Investigative Data Mining Articles

The fraud examiner is often faced with the task
of sifting through thousands or even millions of
transactions in order to identify symptoms,
indicators and evidence of fraud or malpractice.
Data mining (and we will also include data matching methods in this category) assists the fraud examiner by using computerised techniques to analyse electronically held data to "filter" these voluminous databases of information and to graphically represent fraudulent transactions. As well as being an effective tool for the detection and investigation of corporate fraud, data mining programmes can also be used to identify potential loopholes or weaknesses in controls and show where operational procedures should be improved and more robust fraud prevention strategies implemented. The diagram below graphically represents the use of data mining as a means of sifting out the patterns in data that are indicative of fraudulent behaviour.

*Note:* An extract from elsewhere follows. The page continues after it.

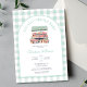 Celebrate the mum-to-be with our cute Locally Grown-themed invitation. The design features a cute watercolor farmer's market stand on a green gingham background, making it both stylish and charming. Use the design tools to customise the text. Also available as digital download.

Data mining is not, however, a universal panacea, but is one of the important weapons in the fraud examiner's armoury. Arguably, with increasing constraints on the legal investigative methods available to the fraud examiner, the use of data mining will increase. Data mining does, of course, possess its own unique problems due to the requirements of data protection legislation and it is not recommend that data mining is performed without first obtaining legal opinion or other expert advice. See the legal section of the manual, which provides expert coverage of this area.

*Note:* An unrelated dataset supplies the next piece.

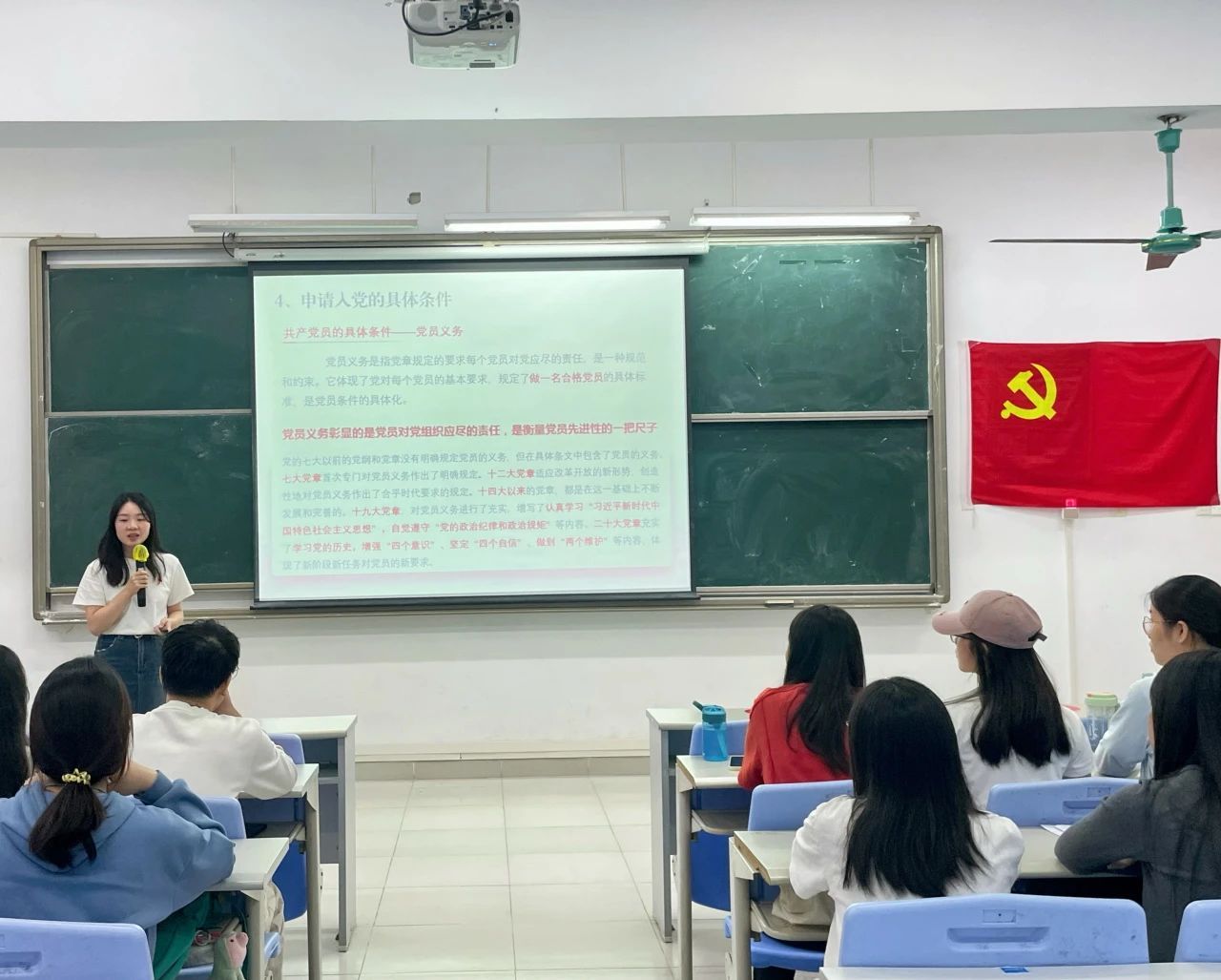 25日晚上7点,《专题一:入党常用文书写法》由申雨弦老师主讲,围绕明确入党条件、了解发展程序以及入党文书写法三个方面进行展开。课程伊始,申雨弦老师以渣滓洞革命烈士的事迹,向发展对象展现了先辈们为党奋斗牺牲的精神,由此引出了申请入党所需的客观条件、主观条件、基本条件以及具体条件。接下来,申雨弦老师从确定入党积极分子阶段、确定发展对象阶段等四个阶段,详细讲解党员的发展程序。具体强调了志愿书的填写、集中培训学习等重要要求。随后,申雨弦老师围绕入党申请书、思想汇报、自传、入党志愿书、转正申请书五种文书进行重点说明,结合焦裕禄、钱学森等人写入党申请书的案例,引导发展对象端正入党动机,坚定理想信念。最后,申雨弦老师带领发展对象了解时政,学习党的二十届三中全会相关内容,并强调各位发展对象应当更加全面地理解和学习党的理论知识,加强党性修养。

The fraud examiner is likely to encounter data mining techniques in a number of areas:

"one off" extracts or matches, where the organisation has a particular key concern (for example, a charity wishing to identify if grants have been awarded to employees);
stand alone testing, where the organisation simply requires a number of fraud profiles to be run against data files in a discreet exercise;
as part of a fraud risk, operational or security review, in order to identify hard-to-ignore cases examples of operational failings, security breaches or cases of possible fraud;
as an investigation tool, providing the ability to "drill down" into vast quantities of data/numbers of transactions and identify particular trends, transactions, business counterparties or individuals;
in litigation support, for example, to quantify possible losses;
as a visualisation tool to facilitate effective presentation of findings to senior management or legal counsel. (Some of the case examples that are included demonstrate that data mining is not limited to a major number "crunch", but that effective graphical representation and analysis is equally important); and
as an indicator of operational failings and to identify where controls may need improvement or review.